==== Data extract ====

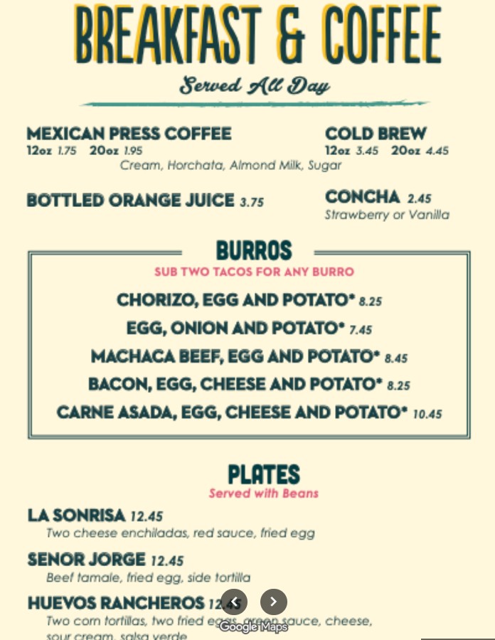 So my concern is I paid 8.25 for a burrito that doesn’t seem bigger than a napkin. Filibertos charges $9 for a large carne asada burrito that i split i half for all day eating the price wasn’t worth it. You ask for horchata coffee taste strong no sugar sweetness or flavor. Not happy with pricing. And the girl at the window looked like she was not happy to be there….
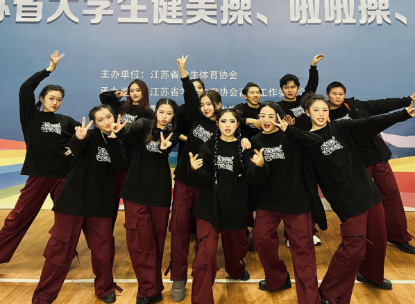 12月28日,2023年江苏省大学生健美操、啦啦操、街舞锦标赛在南京交通技术学院(江宁校区)举行。万象城代表队在教练员于阳露的带领下,成功夺得啦啦操街舞规定组和啦啦操街舞自选组冠军。
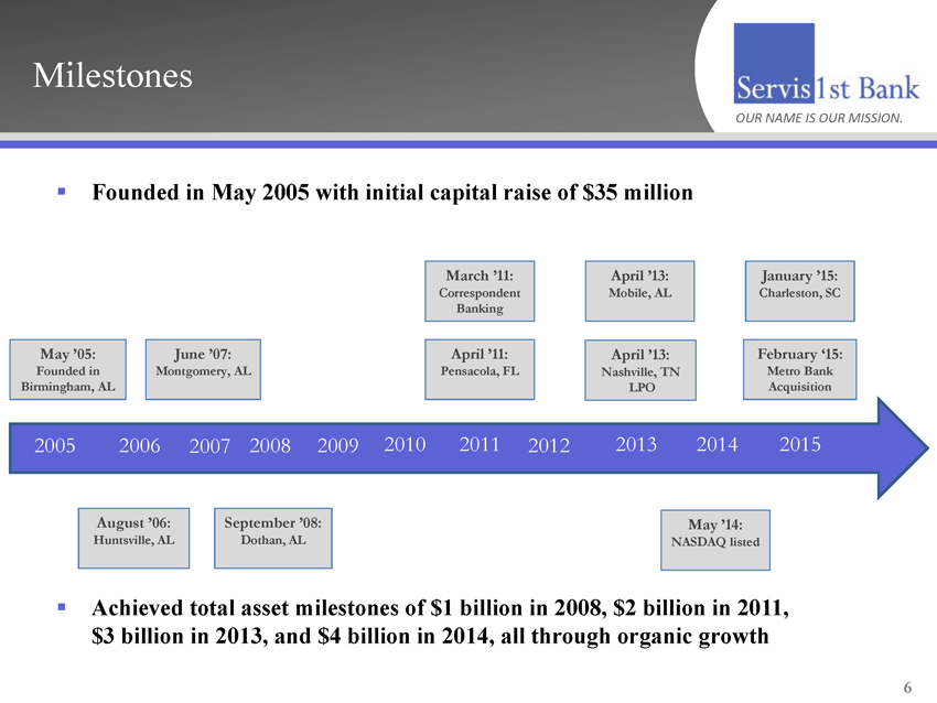 Opportunistic Expansion ▪ Identify great bankers in attractive markets – Focus on people as opposed to places – Target minimum of $300 million in assets within 5 years – Best bankers in growing markets • Production team (excluding mortgage origination) has grown by 33% in 2015. ▪ Market strategies – Regional CEOs execute simple business model – Back office support and risk management infrastructure – Non - legal board of directors comprised of key business people – Provide professional banking services to mid market commercial customers that have been neglected by or pushed down to branch personnel of national and other larger regional banks ▪ Opportunistic future expansion – Southern markets, metropolitan focus – Draw on expertise of industry contacts 5 OUR NAME IS OUR MISSION.
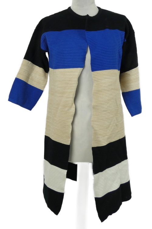 Dámsky čierno-modro-béžový pruhovaný svetrový cardigán
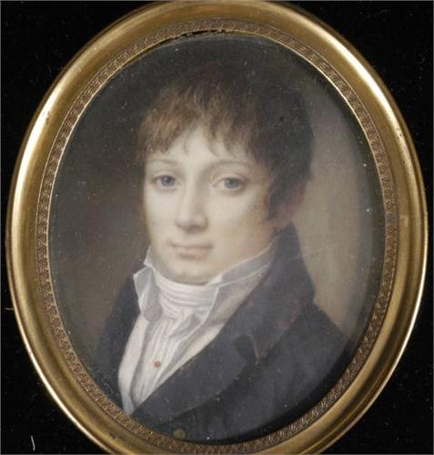 FRENCH MINATURE PORTRAIT, Young Gentleman, early 19th c, 72 mm x 60 mm, CONDITION: excellent. PACKING AND SHIPPING excluding insurance within the Contintental U.S. $20, multiple lots of miniatures may be combined at a an additional $5 shipping per miniature.
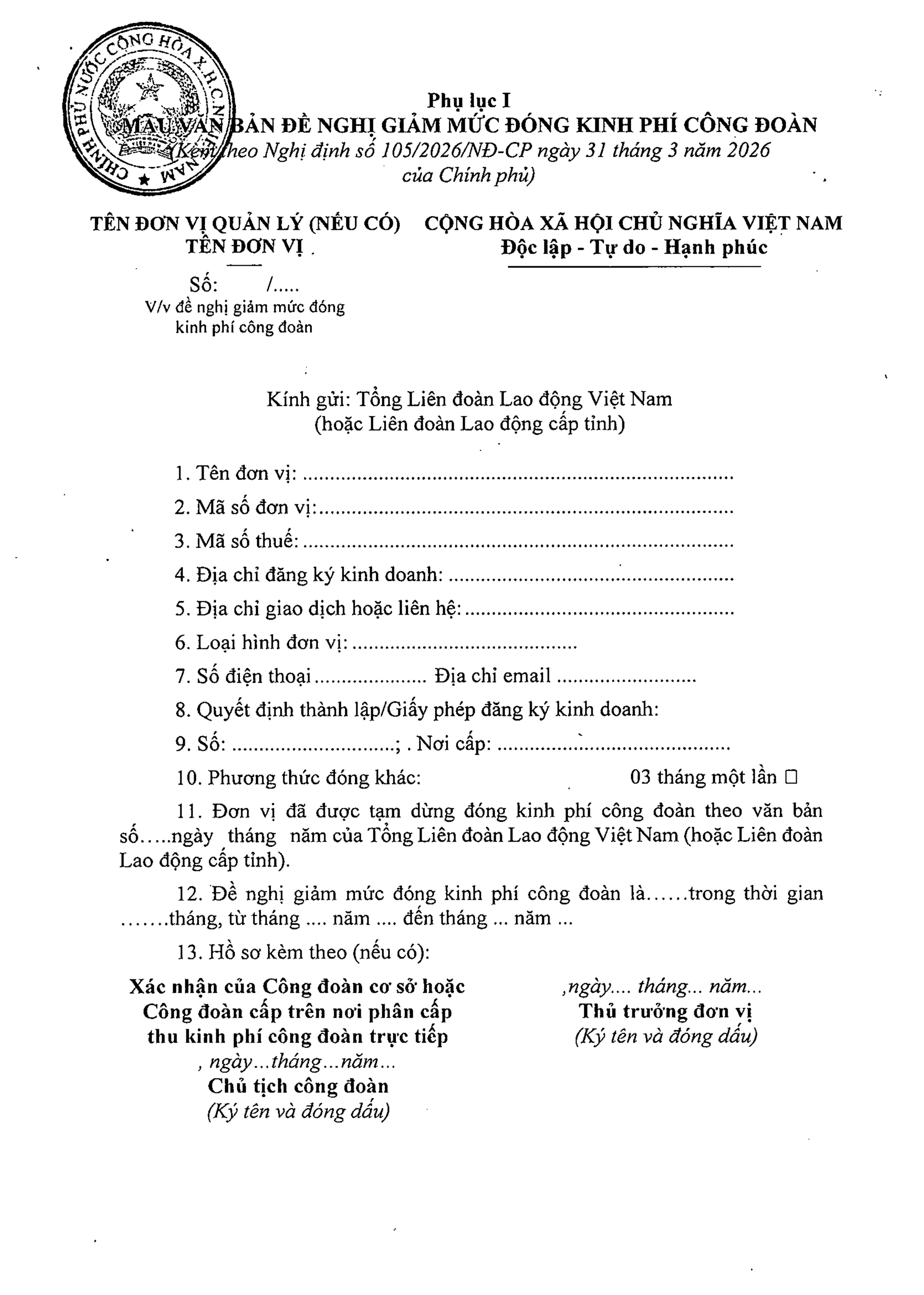 Toàn văn Nghị định 105/2026/NĐ-CP Quy định chi tiết và hướng dẫn thi hành một số điều của Luật Công đoàn về tài chính công đoàn. Nghị định này có hiệu lực từ 16/5/2026.
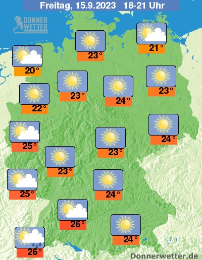 Heute Abend zeigt sich das Wetter verbreitet sonnig oder nur locker bewölkt. Im Südwesten sind örtlich auch dichte Quellwolken und seltene Schauer und Gewitter möglich. Sonst bleibt es trocken bei Temperaturen von 20 Grad in Bremerhaven und rund 26 Grad in Stuttgart.
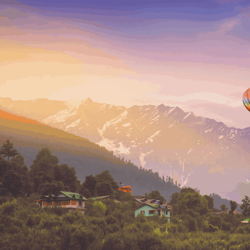 Paglalarawan ng Content: a colorful hot air balloon is flying over a mountain range
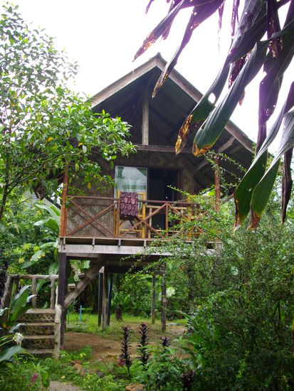Das Resort liegt wirklich mitten im Dschungel-koennte mich praktisch mit einer Liane aus meiner Huette ins Restaurant schwingen! Das Resort teile ich mir mit ganz vielen netten und weniger netten Mitbewohners, als da waeren Affen, Schlangen, Katzen, Rehen(sehen hier ein wenig anders aus) und natuerlich ganz viel Viechzeugs! Wenn man leise ist, kann man mit ganz viel Phantasie auch den einen oder anderen Tiger bruellen hoeren
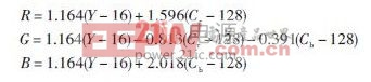实现伪彩处理,通常是把当前像素灰度值作为存储地址查找RGB 伪彩码表,将码表中对应的RGB 三色值用RGB转换到YcbCr彩色区间,而后输出伪彩图像.在FPGA里实现的基本方法是最大限度地利用FPGA的IP核,将RGB码表写到FPGA的内嵌RAM核里,在程序中依次遍历查找表和计算下面的公式计算出相应的CbCr值并且输出.
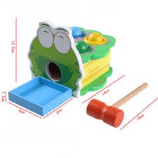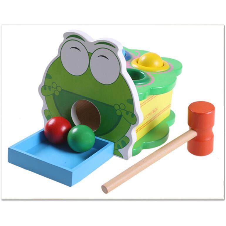 Wooden Frog Knock Ball Punding Bench With Hammer Educational Toys (READY STOCK)
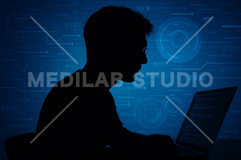 エンジニアが脳内でプログラムを構成しているイメージ。シルエットがスタイリッシュな印象に。
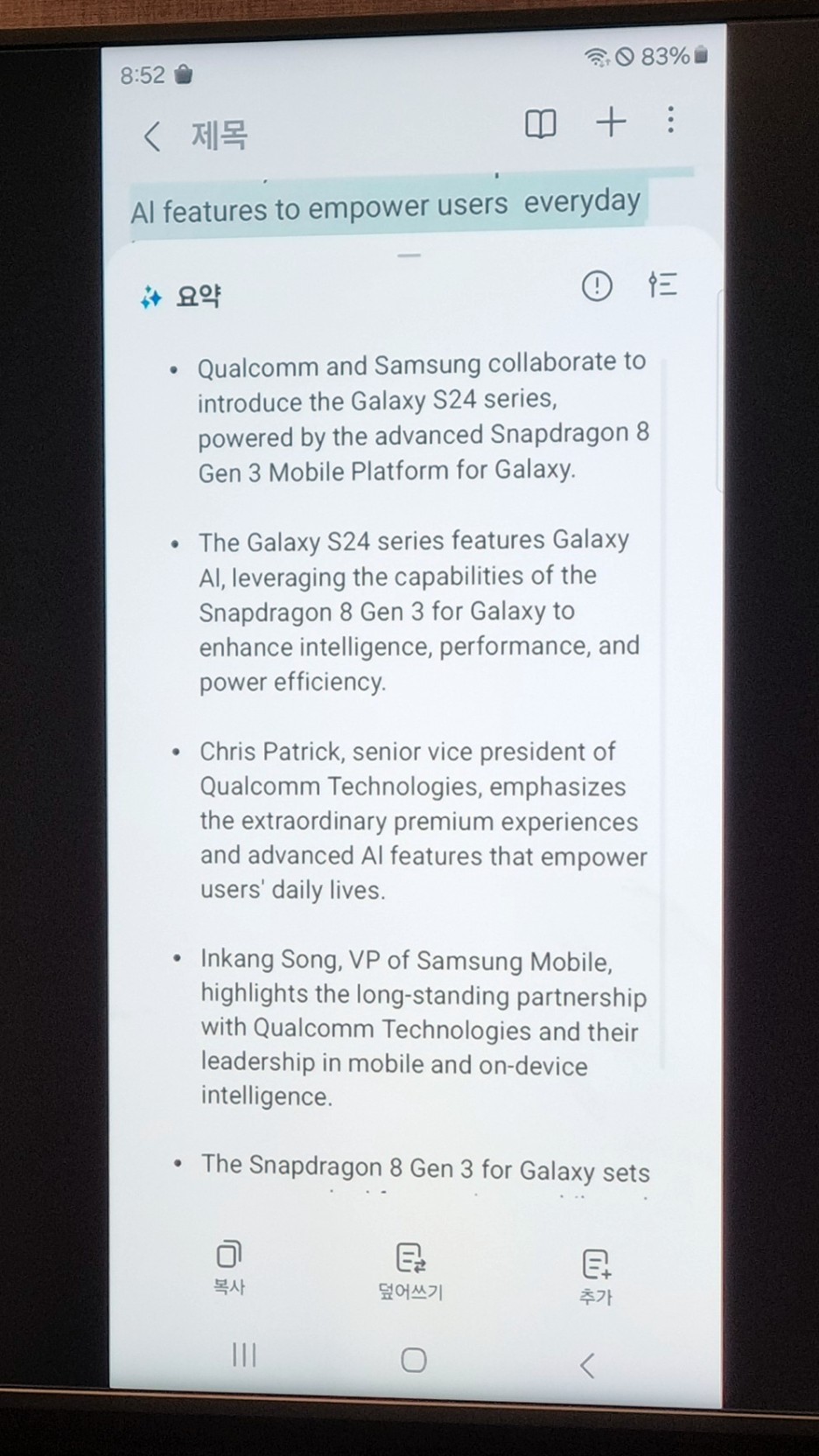 첫 번째 AI(인공지능) 세션은 1) 일상생활 속 AI, 2) 온디바이스 AI, 그리고 3) 스냅드래곤의 강점으로 요약할 수 있었다.
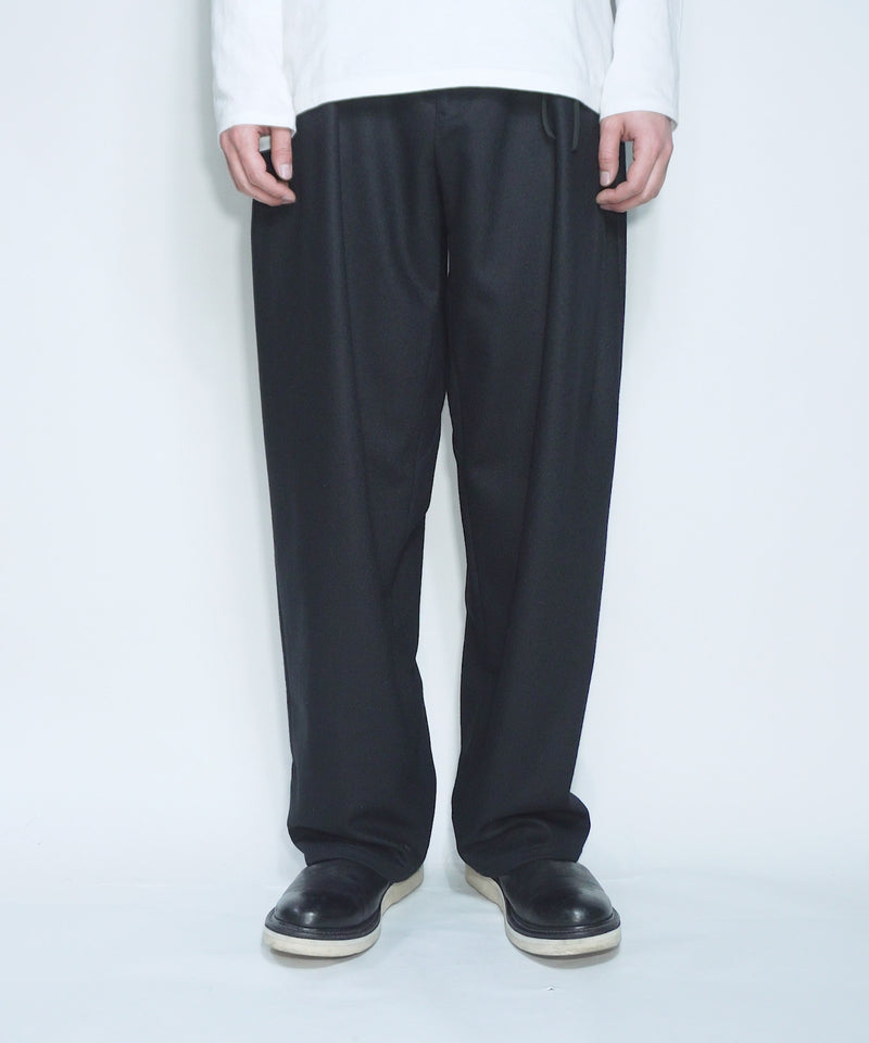 カシミア混 ストレッチ リサイクルウール ツイル バレル ワイド パンツ - BLACK

====

Drop the pictures and copy the data exactly.

 So my concern is I paid 8.25 for a burrito that doesn’t seem bigger than a napkin. Filibertos charges $9 for a large carne asada burrito that i split i half for all day eating the price wasn’t worth it. You ask for horchata coffee taste strong no sugar sweetness or flavor. Not happy with pricing. And the girl at the window looked like she was not happy to be there….
 12月28日,2023年江苏省大学生健美操、啦啦操、街舞锦标赛在南京交通技术学院(江宁校区)举行。万象城代表队在教练员于阳露的带领下,成功夺得啦啦操街舞规定组和啦啦操街舞自选组冠军。
 Opportunistic Expansion ▪ Identify great bankers in attractive markets – Focus on people as opposed to places – Target minimum of $300 million in assets within 5 years – Best bankers in growing markets • Production team (excluding mortgage origination) has grown by 33% in 2015. ▪ Market strategies – Regional CEOs execute simple business model – Back office support and risk management infrastructure – Non - legal board of directors comprised of key business people – Provide professional banking services to mid market commercial customers that have been neglected by or pushed down to branch personnel of national and other larger regional banks ▪ Opportunistic future expansion – Southern markets, metropolitan focus – Draw on expertise of industry contacts 5 OUR NAME IS OUR MISSION.
 Dámsky čierno-modro-béžový pruhovaný svetrový cardigán
 FRENCH MINATURE PORTRAIT, Young Gentleman, early 19th c, 72 mm x 60 mm, CONDITION: excellent. PACKING AND SHIPPING excluding insurance within the Contintental U.S. $20, multiple lots of miniatures may be combined at a an additional $5 shipping per miniature.
 Toàn văn Nghị định 105/2026/NĐ-CP Quy định chi tiết và hướng dẫn thi hành một số điều của Luật Công đoàn về tài chính công đoàn. Nghị định này có hiệu lực từ 16/5/2026.
 Heute Abend zeigt sich das Wetter verbreitet sonnig oder nur locker bewölkt. Im Südwesten sind örtlich auch dichte Quellwolken und seltene Schauer und Gewitter möglich. Sonst bleibt es trocken bei Temperaturen von 20 Grad in Bremerhaven und rund 26 Grad in Stuttgart.
 Paglalarawan ng Content: a colorful hot air balloon is flying over a mountain range
Das Resort liegt wirklich mitten im Dschungel-koennte mich praktisch mit einer Liane aus meiner Huette ins Restaurant schwingen! Das Resort teile ich mir mit ganz vielen netten und weniger netten Mitbewohners, als da waeren Affen, Schlangen, Katzen, Rehen(sehen hier ein wenig anders aus) und natuerlich ganz viel Viechzeugs! Wenn man leise ist, kann man mit ganz viel Phantasie auch den einen oder anderen Tiger bruellen hoeren
实现伪彩处理,通常是把当前像素灰度值作为存储地址查找RGB 伪彩码表,将码表中对应的RGB 三色值用RGB转换到YcbCr彩色区间,而后输出伪彩图像.在FPGA里实现的基本方法是最大限度地利用FPGA的IP核,将RGB码表写到FPGA的内嵌RAM核里,在程序中依次遍历查找表和计算下面的公式计算出相应的CbCr值并且输出.
 Wooden Frog Knock Ball Punding Bench With Hammer Educational Toys (READY STOCK)
 エンジニアが脳内でプログラムを構成しているイメージ。シルエットがスタイリッシュな印象に。
 첫 번째 AI(인공지능) 세션은 1) 일상생활 속 AI, 2) 온디바이스 AI, 그리고 3) 스냅드래곤의 강점으로 요약할 수 있었다.
 カシミア混 ストレッチ リサイクルウール ツイル バレル ワイド パンツ - BLACK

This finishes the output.